The statistical mechanics of DNA denaturation under fixed linking number is qualitatively different from that of unconstrained DNA. Quantitatively different melting scenarios are reached from two alternative assumptions, namely, that the denatured loops are formed at the expense of (i) overtwist or (ii) supercoils. Recent work has shown that the supercoiling mechanism results in a picture similar to Bose-Einstein condensation where a macroscopic loop appears at T{c} and grows steadily with temperature, while the nature of the denatured phase for the overtwisting case has not been studied. By extending an earlier result, we show here that a macroscopic loop appears in the overtwisting scenario as well. We calculate its size as a function of temperature and show that the fraction of the total sum of microscopic loops decreases above T{c}, with a cusp at the critical point.
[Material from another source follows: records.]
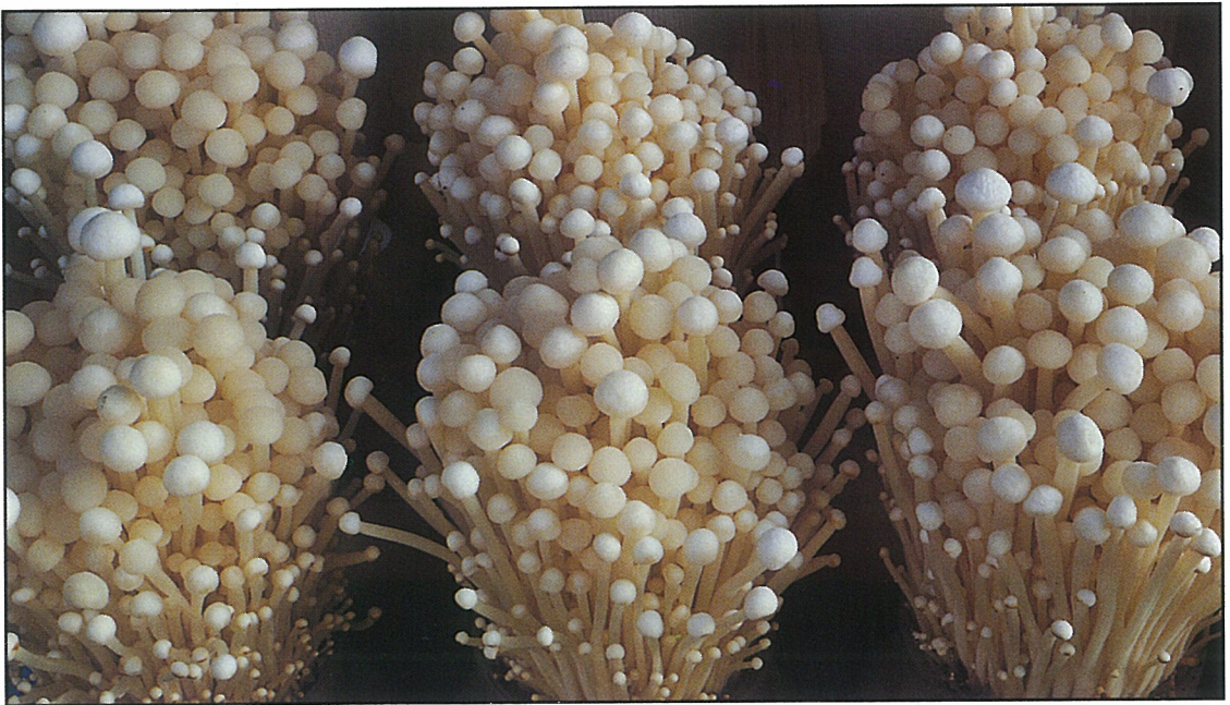
Plate 6. Flammulina velutipes , the Winter Mushroom or Enokitake.
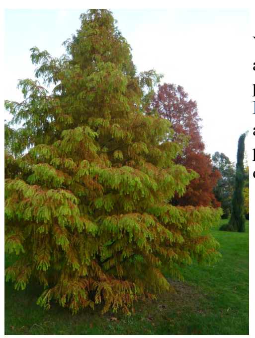
Metasequoia glyptostroboides 'Matthaei Broom'

You should not depart until you have spent some time admiring the truly splendid eye catching display performed by the Metasequoia glyptostroboides 'Matthaei Broom' and Ginkgo . All trees fairly close together make
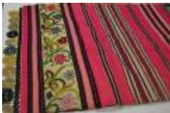
Curtain, Window (2012.32.2) 1860 – 1870
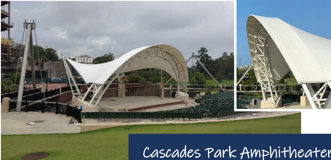
Cascades Park Amphitheater
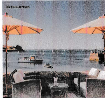
Idle Rocks terrace

Adults only The adults-only 25 Boutique B&B in Torquay, Devon has been named the 'Best B&B in the World' two years in a row by TripAdvisor. If finding "Frank" the zebra in citrus yellow sunglasses floats your boat, or the rainbow marigold light in reception is a bit, it's the place for you. It's just a 10-minute walk to the beach for a romantic stroll.
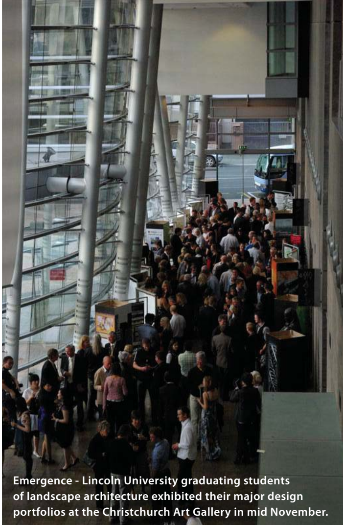
Emergence - Lincoln University graduating students of landscape architecture exhibited their major design portfolios at the Christchurch Art Gallery in mid November.

Over the coming year, we are devoting an area of the newsletter for branch members to profile inspiring places/projects. If you wish to share a photo, sketch, or image, please email jpgs to emma.content@opus.co.nz. Photos of places you've been on your summer travels, details of paving etc. If it's inspiring, we'll use it.
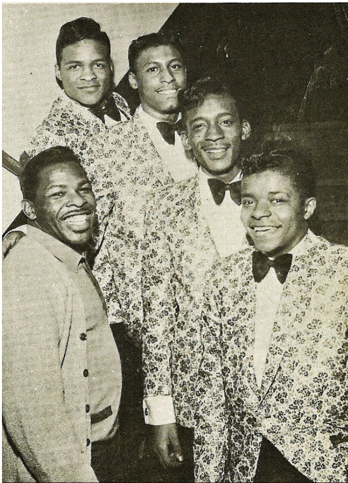
Little Anthony & Imperials with Lloyd Price (lower left) at the Brooklyn Fox, December 1963.

Anthony & the Imperials had not recorded in awhile, they began with their classic "Tears On My Pillow". The stage was completely dark as the Imperials entered singing with all that could be seen was their florescent white gloves and shoes. They'd close with a frantic "I'm Alright," complete with tightly choreographed dancing and splits. The stage shows would run for ten days with four or five shows a day. Lines to get into the Brooklyn Fox usually stretched around the block with some teenagers waiting in line at five o'clock in the morning to get the best seats. While the Imperials would eventually do five Murray The K Brooklyn Fox stage shows, they chose to retain that fourth spot in the line up, even when their hit records moved them up to much higher billing.
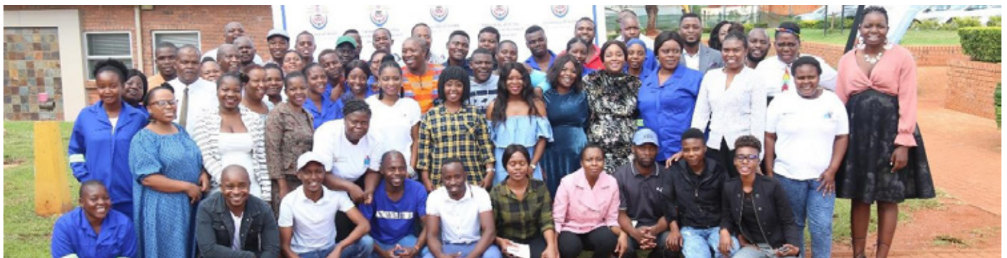
Attendees of the workshop posing for a group photo outside Research Conference Centre
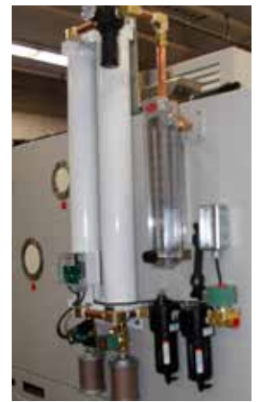
Fresh Air System
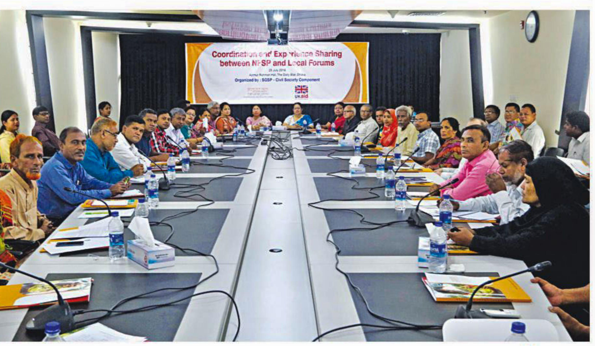
Participants at a programme titled 'Coordination and Experience Sharing between NFSP and Local Forums' at the capital's The Daily Star Centre yesterday, organised by SGSP - Civil Society Component, in cooperation with UKaid.
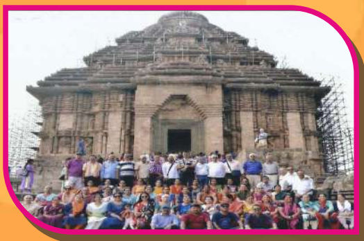
Pilgrimage/tour to Odisha, Kolkata & other places
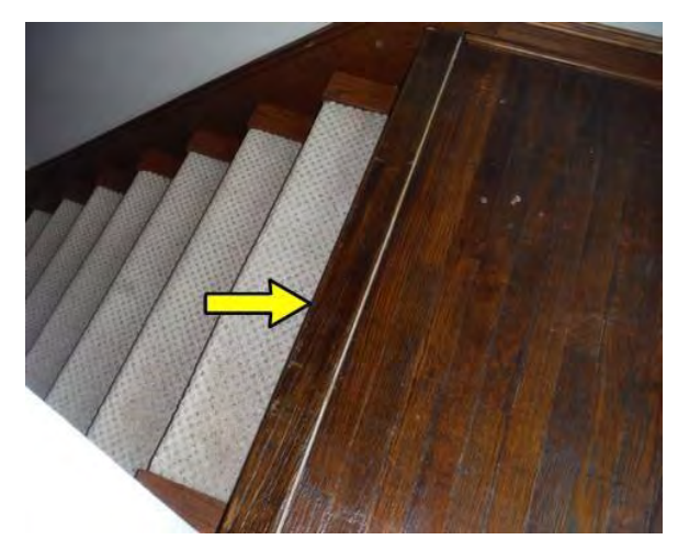
Wood buckling in family room.
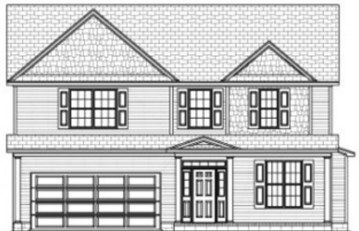
FRONT ELEVATION "C"
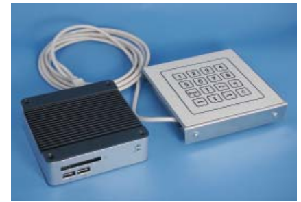
E-PAD Controller & Keypad

Connect up to 8 E-PAD units as required for your system, using the optional E-PAD Router.
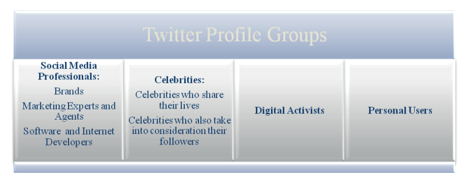
Figure 1: General User Profile Groups in Twitter
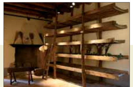
The room of the museum dedicated to silkworm larvae

The MEAB can be characterised as a museum of society, both for the fact that it presents documentary material provided by the local population, and for the fact that it has stimulated a notable involvement by the friends of the MEAB. This is expressed through meetings with upholders of local traditions, conferences, congresses, school activities, educational courses, temporary exhibits, research and publications – both in print and in audio/visual formats – some of which have been widely recognised.
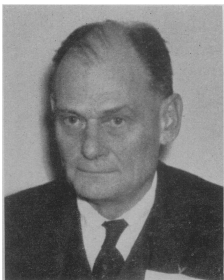
DR. JOHN F. ENDERS
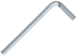
1 PCS Wrench
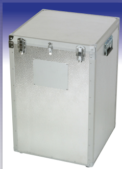
Shipping Case Biotrek 3. Part Number 9701178.
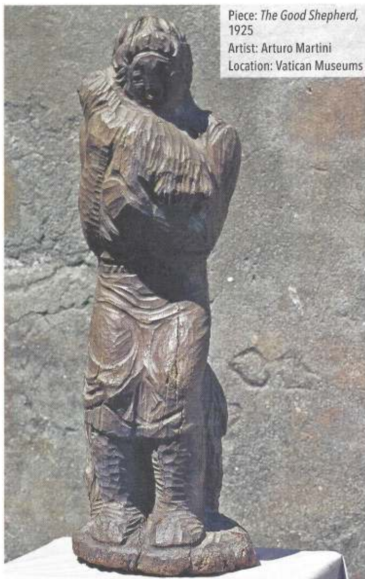
Piece: The Good Shepherd , 1925

Denaturation of circular DNA: supercoils and overtwist.

The denaturation transition of circular DNA is studied within a Poland-Scheraga-type approach, generalized to account for the fact that the total linking number (LK), which measures the number of windings of one strand around the other, is conserved. In the model the LK conservation is maintained by invoking both overtwisting and writhing (supercoiling) mechanisms. This generalizes previous studies, which considered each mechanism separately. The phase diagram of the model is analyzed as a function of the temperature and the elastic constant κ associated with the overtwisting energy for any given loop entropy exponent c. As in the case where the two mechanisms apply separately, the model exhibits no denaturation transition for c ≤ 2. For c > 2 and κ = 0 we find that the model exhibits a first-order transition. The transition becomes of higher order for any κ > 0. We also calculate the contribution of the two mechanisms separately in maintaining the conservation of the linking number and find that it is weakly dependent on the loop exponent c.